**Assigned task**
Reproduce the material that follows, please, but only from its first line to the line containing "In der fortgeschrittenen", inclusive.

(Recorded data)

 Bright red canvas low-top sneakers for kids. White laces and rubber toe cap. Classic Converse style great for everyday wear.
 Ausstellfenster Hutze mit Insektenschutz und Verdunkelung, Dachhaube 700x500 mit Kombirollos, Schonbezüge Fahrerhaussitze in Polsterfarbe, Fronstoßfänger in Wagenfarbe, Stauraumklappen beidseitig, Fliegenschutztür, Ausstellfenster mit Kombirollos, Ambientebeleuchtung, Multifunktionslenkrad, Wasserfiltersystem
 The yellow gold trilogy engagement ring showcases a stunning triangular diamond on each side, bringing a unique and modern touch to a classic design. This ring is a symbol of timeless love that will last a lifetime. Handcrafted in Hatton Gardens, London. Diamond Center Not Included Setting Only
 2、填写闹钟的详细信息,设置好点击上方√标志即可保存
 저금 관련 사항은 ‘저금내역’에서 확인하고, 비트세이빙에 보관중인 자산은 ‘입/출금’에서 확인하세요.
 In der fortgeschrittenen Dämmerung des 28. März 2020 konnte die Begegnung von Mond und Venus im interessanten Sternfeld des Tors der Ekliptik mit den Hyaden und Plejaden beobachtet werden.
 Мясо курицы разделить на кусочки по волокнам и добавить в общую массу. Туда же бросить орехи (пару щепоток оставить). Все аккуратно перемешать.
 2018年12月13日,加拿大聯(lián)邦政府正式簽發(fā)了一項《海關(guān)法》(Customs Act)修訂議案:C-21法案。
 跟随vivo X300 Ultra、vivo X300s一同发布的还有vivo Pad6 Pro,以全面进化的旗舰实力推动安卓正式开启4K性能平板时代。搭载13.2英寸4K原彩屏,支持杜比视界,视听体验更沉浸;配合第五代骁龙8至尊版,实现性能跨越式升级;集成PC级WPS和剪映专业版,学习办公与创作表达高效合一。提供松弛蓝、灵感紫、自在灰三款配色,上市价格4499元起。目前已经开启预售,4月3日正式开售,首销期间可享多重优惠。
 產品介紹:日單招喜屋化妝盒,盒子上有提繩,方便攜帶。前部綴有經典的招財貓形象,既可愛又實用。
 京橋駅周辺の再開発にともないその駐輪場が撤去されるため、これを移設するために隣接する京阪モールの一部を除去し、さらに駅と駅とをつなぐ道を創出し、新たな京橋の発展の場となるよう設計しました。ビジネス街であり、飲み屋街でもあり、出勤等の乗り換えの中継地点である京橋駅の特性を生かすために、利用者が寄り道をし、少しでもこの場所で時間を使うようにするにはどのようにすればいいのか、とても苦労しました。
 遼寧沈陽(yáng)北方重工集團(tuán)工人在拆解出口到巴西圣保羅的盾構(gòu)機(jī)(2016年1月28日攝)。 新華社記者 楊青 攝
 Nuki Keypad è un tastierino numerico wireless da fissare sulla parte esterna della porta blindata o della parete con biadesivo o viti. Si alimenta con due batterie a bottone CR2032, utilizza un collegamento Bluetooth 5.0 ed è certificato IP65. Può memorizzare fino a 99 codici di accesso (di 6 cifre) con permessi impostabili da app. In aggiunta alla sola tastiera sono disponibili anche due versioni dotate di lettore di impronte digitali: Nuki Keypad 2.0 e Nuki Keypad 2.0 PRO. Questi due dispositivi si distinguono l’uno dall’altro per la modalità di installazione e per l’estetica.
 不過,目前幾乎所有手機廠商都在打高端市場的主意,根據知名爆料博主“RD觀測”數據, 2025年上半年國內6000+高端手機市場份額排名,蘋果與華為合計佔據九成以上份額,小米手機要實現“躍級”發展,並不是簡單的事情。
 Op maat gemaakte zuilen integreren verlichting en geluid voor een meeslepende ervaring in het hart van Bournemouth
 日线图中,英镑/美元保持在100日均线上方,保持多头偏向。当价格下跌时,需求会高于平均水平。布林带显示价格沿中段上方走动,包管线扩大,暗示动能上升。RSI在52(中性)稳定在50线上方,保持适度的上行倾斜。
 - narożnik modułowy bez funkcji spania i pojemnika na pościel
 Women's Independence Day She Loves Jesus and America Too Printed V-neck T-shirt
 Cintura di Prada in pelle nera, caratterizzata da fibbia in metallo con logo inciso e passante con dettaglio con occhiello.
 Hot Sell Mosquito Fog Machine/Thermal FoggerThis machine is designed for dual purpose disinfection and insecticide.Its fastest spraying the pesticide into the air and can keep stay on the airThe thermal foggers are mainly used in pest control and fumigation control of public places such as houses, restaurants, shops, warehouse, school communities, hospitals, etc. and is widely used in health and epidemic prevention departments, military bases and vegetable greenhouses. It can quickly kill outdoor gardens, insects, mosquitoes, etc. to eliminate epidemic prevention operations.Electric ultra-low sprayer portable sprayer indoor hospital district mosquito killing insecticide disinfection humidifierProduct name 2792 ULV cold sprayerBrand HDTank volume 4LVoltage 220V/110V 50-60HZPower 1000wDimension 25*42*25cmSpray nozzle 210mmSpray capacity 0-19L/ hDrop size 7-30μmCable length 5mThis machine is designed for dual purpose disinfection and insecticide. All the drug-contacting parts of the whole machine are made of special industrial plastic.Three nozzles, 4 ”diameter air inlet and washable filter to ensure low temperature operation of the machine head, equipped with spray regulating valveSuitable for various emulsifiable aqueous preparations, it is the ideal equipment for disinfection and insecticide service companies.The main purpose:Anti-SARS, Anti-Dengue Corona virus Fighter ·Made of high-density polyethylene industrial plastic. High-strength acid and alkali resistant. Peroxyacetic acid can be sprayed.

(End Recorded data)

**Solution to this problem**
 Bright red canvas low-top sneakers for kids. White laces and rubber toe cap. Classic Converse style great for everyday wear.
 Ausstellfenster Hutze mit Insektenschutz und Verdunkelung, Dachhaube 700x500 mit Kombirollos, Schonbezüge Fahrerhaussitze in Polsterfarbe, Fronstoßfänger in Wagenfarbe, Stauraumklappen beidseitig, Fliegenschutztür, Ausstellfenster mit Kombirollos, Ambientebeleuchtung, Multifunktionslenkrad, Wasserfiltersystem
 The yellow gold trilogy engagement ring showcases a stunning triangular diamond on each side, bringing a unique and modern touch to a classic design. This ring is a symbol of timeless love that will last a lifetime. Handcrafted in Hatton Gardens, London. Diamond Center Not Included Setting Only
 2、填写闹钟的详细信息,设置好点击上方√标志即可保存
 저금 관련 사항은 ‘저금내역’에서 확인하고, 비트세이빙에 보관중인 자산은 ‘입/출금’에서 확인하세요.
 In der fortgeschrittenen Dämmerung des 28. März 2020 konnte die Begegnung von Mond und Venus im interessanten Sternfeld des Tors der Ekliptik mit den Hyaden und Plejaden beobachtet werden.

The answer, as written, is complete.